> **Assignment**
Only the lines from the one containing "Hrnek s krásnou" through the last line of the entries are wanted. Transcribe them exactly.
━━━━━━━━
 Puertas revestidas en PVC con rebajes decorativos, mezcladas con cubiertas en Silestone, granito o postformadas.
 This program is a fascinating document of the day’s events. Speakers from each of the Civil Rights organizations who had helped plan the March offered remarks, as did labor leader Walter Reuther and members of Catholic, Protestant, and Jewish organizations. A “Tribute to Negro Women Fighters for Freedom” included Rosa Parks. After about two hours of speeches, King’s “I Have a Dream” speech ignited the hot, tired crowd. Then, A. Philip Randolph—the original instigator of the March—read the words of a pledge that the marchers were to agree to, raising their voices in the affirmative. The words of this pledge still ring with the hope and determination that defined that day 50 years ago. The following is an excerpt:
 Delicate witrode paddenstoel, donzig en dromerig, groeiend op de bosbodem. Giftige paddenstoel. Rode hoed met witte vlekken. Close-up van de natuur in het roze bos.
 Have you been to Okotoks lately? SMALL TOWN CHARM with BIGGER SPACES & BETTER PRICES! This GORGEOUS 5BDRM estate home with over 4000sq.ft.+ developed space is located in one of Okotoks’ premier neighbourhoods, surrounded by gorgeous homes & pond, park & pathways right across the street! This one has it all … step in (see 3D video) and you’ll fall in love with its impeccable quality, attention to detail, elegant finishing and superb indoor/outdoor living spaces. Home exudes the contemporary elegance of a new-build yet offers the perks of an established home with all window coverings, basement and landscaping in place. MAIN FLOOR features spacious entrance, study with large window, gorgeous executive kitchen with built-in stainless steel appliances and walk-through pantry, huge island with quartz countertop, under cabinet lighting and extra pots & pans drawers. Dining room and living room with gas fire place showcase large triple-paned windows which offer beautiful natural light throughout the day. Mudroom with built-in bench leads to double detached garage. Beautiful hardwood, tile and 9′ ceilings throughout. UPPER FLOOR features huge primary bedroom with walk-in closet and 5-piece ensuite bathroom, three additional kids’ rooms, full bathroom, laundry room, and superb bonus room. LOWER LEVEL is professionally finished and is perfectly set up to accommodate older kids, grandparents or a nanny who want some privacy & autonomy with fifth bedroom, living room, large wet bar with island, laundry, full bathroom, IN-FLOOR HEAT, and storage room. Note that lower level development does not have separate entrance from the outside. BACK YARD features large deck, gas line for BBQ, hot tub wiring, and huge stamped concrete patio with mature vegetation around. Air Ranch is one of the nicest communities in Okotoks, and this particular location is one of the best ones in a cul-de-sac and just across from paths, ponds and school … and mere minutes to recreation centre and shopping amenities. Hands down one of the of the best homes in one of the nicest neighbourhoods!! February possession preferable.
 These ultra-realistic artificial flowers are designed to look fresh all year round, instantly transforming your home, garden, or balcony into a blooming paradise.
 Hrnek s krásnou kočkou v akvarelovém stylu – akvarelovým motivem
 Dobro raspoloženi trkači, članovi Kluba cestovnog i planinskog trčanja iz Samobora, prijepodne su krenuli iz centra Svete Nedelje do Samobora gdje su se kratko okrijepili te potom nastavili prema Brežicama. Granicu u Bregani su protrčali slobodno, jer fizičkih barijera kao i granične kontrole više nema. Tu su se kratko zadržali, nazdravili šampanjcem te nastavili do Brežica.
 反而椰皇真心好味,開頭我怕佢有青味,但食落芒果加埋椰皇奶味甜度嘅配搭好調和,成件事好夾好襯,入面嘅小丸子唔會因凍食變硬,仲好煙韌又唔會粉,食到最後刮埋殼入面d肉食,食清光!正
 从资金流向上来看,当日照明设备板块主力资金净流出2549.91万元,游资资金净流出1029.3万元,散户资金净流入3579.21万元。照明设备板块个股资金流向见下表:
━━━━━━━━
> **Task solution**
 Hrnek s krásnou kočkou v akvarelovém stylu – akvarelovým motivem
 Dobro raspoloženi trkači, članovi Kluba cestovnog i planinskog trčanja iz Samobora, prijepodne su krenuli iz centra Svete Nedelje do Samobora gdje su se kratko okrijepili te potom nastavili prema Brežicama. Granicu u Bregani su protrčali slobodno, jer fizičkih barijera kao i granične kontrole više nema. Tu su se kratko zadržali, nazdravili šampanjcem te nastavili do Brežica.
 反而椰皇真心好味,開頭我怕佢有青味,但食落芒果加埋椰皇奶味甜度嘅配搭好調和,成件事好夾好襯,入面嘅小丸子唔會因凍食變硬,仲好煙韌又唔會粉,食到最後刮埋殼入面d肉食,食清光!正
 从资金流向上来看,当日照明设备板块主力资金净流出2549.91万元,游资资金净流出1029.3万元,散户资金净流入3579.21万元。照明设备板块个股资金流向见下表:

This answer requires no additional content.